無駄になるかもだけど、食べ物だしいいよね。
この世界に米があればなーと思う、マーガレットの記憶では米はないんだよねー
さっさと買い物を済ませ。街の郊外の森の中にやってきた。
「お嬢様。なぜこのようなところに??」
人目がない場所、死体をくるむのにちょうどいいシーツ、
「お嬢様、私は殺されるのでしょうか??」
青ざめるメアリー
「え??なんでそうなるの??」
メアリーは土下座する勢いで
「お許しください、私には養わねばならない弟や妹、それに男爵領の民がいるのです。
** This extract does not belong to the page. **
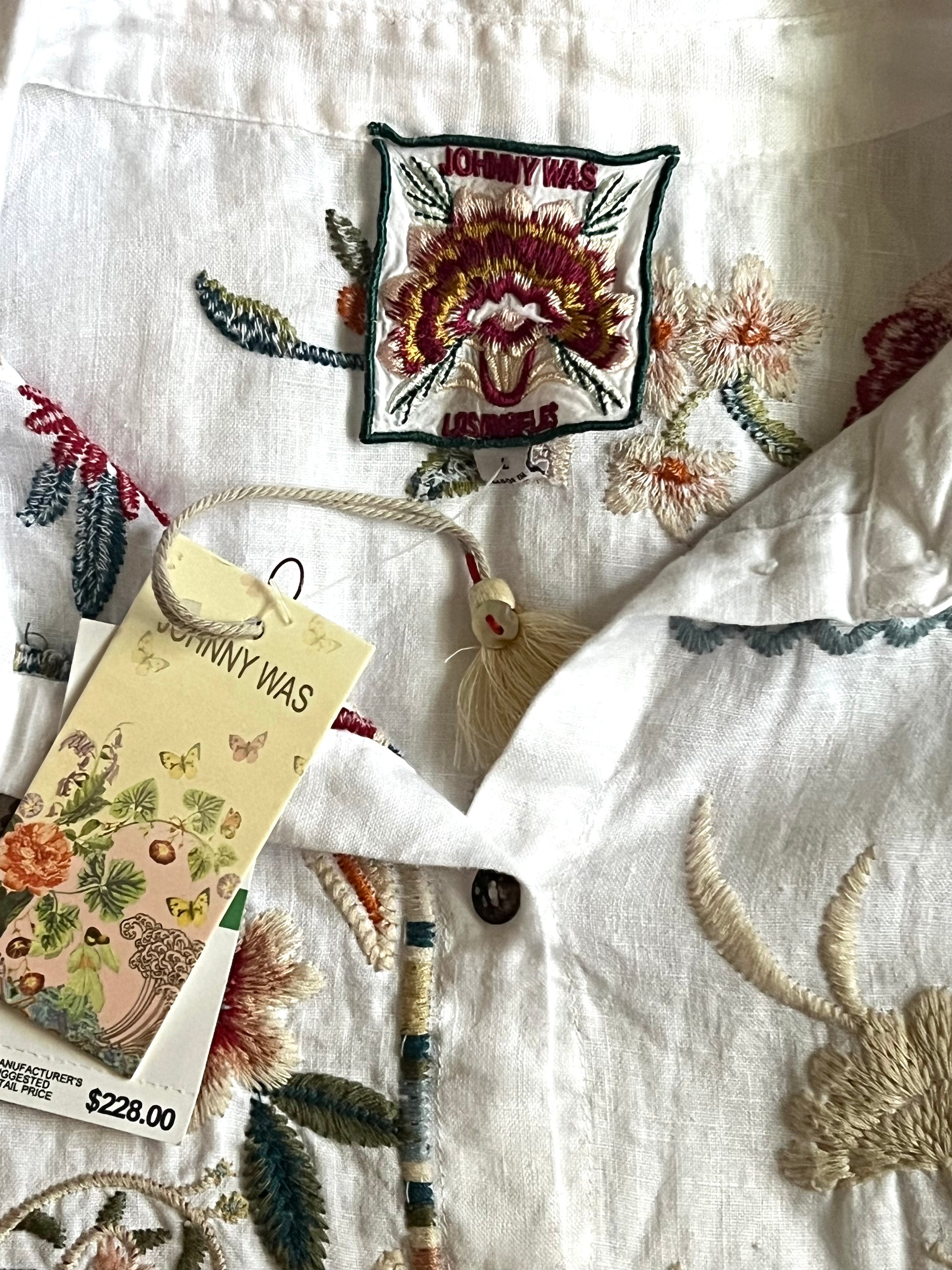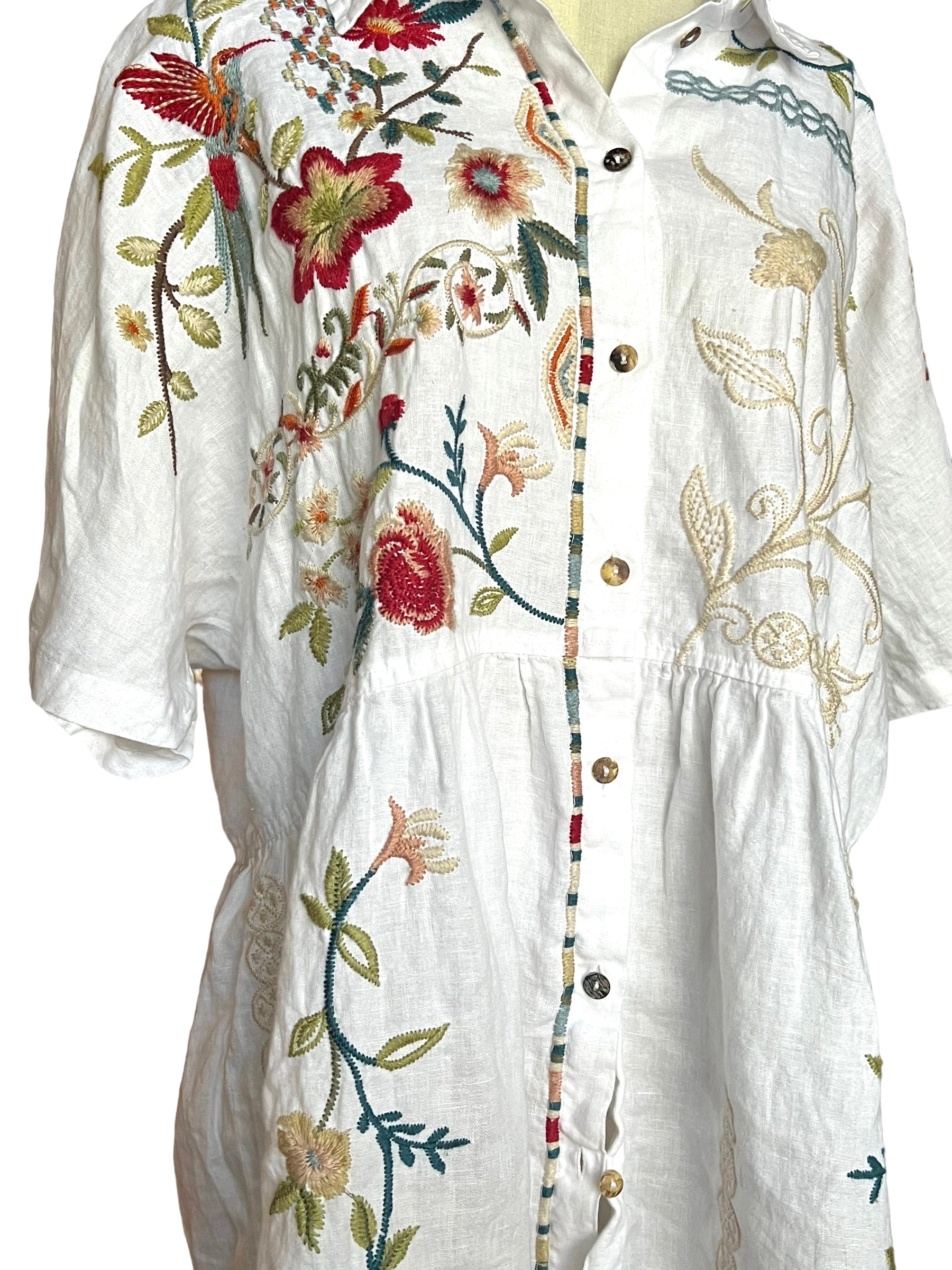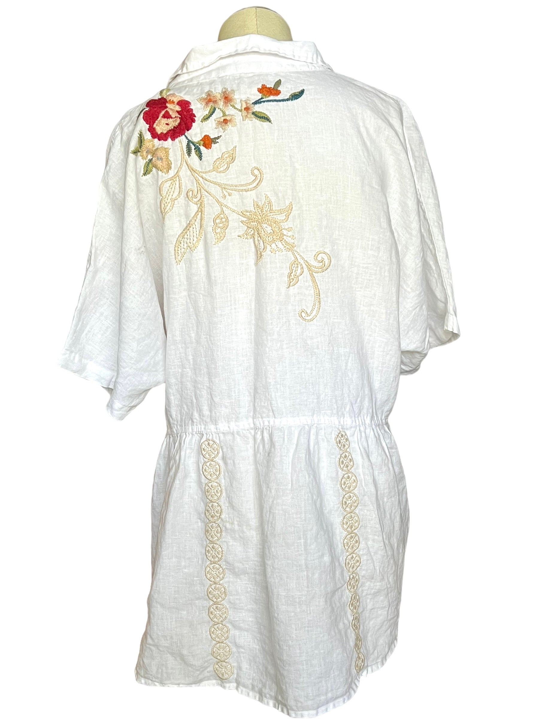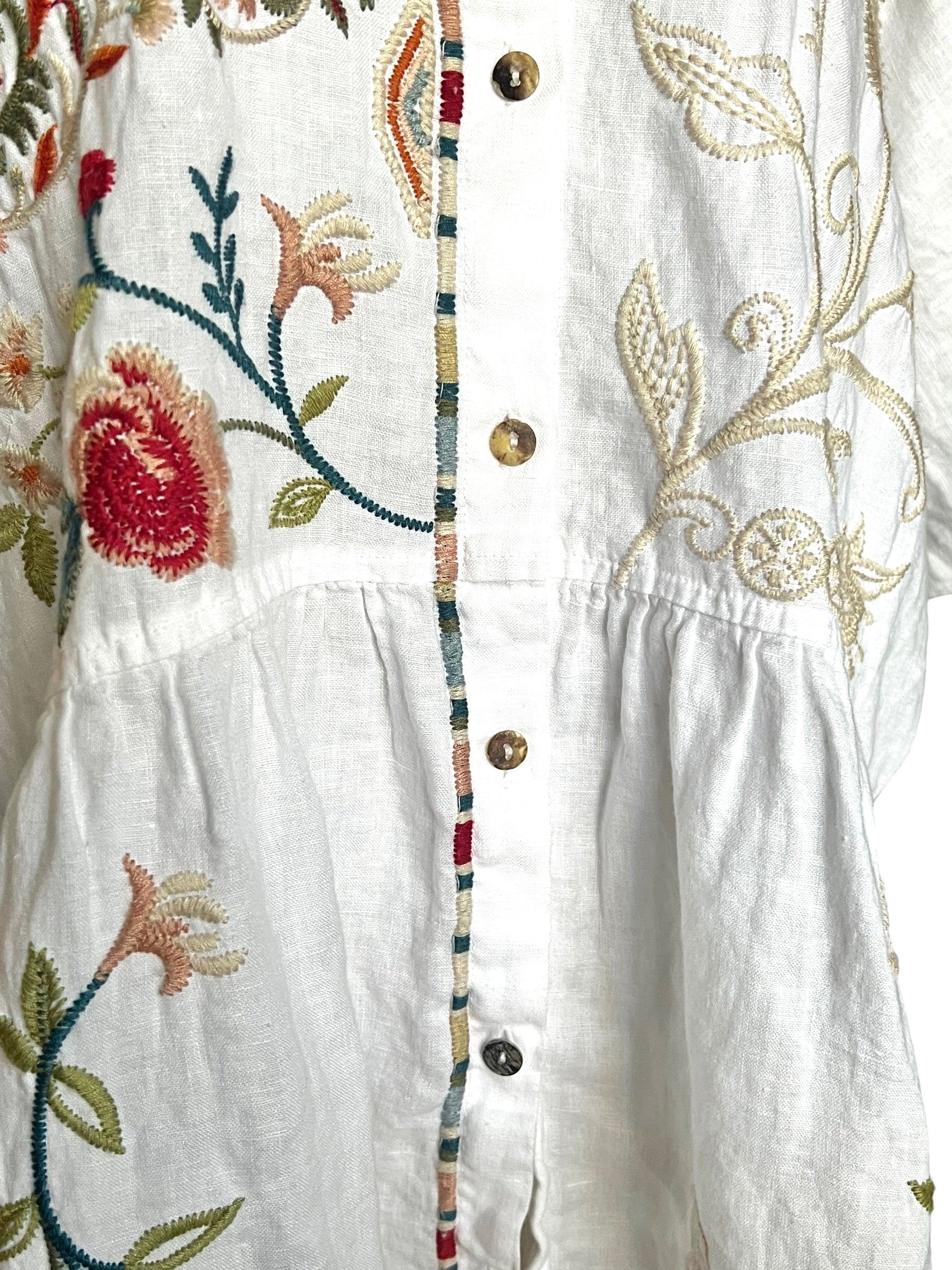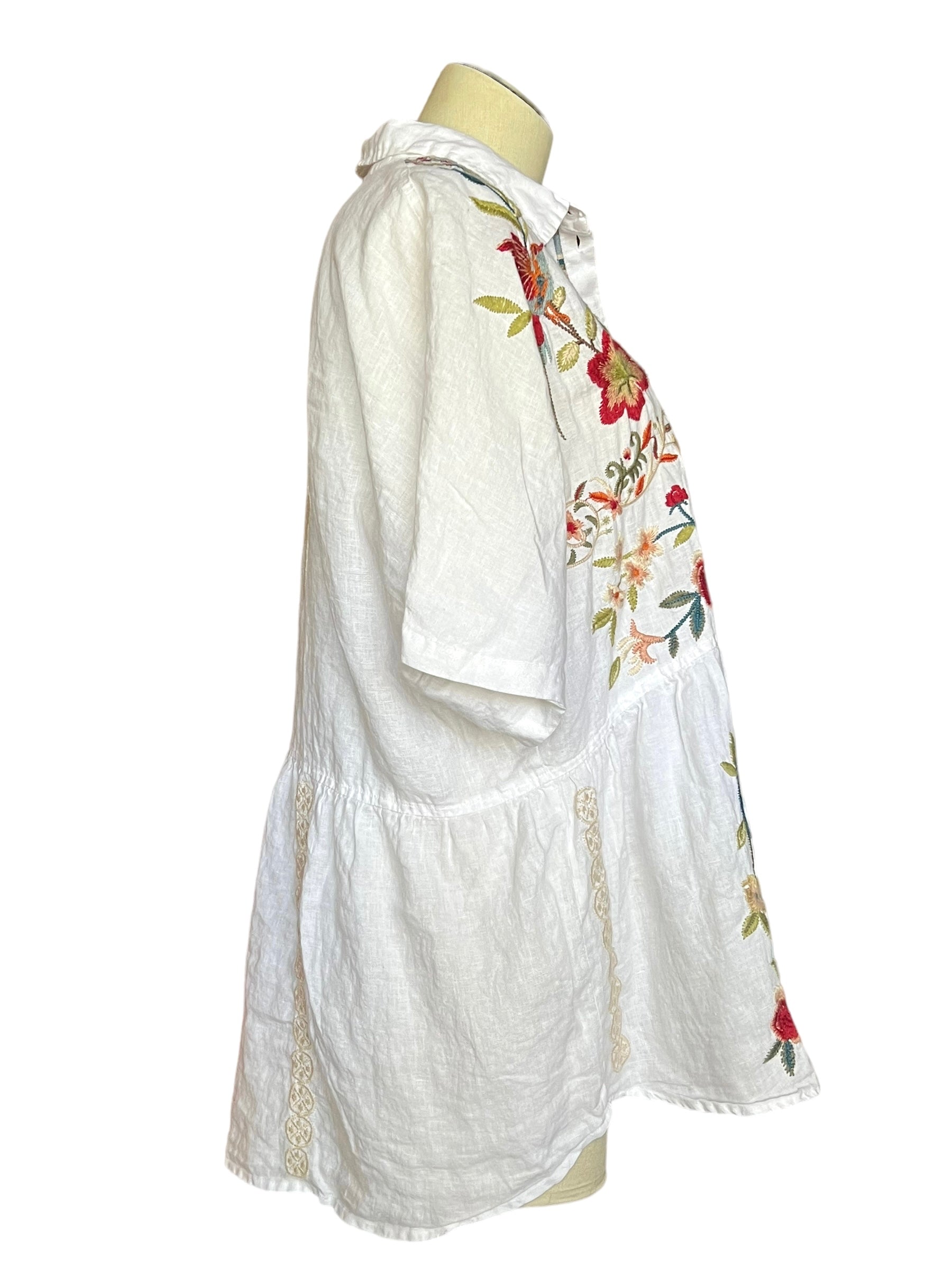 White embroidered button down linen Ellia peplum tunic. Comes with original tags.

私が稼がないと実家は...」
「私の魔法は重力操作ってのは知ってるよね?」
メアリーは青ざめながら
「はい、存じています」
「心配しないで、私の力見せてあげる、シーツにくるまって、私もシーツにくるまるから安心して」
シーツは2つに切られていた。一枚をメアリーに渡すとマーガレットはシーツを体に巻き付けた。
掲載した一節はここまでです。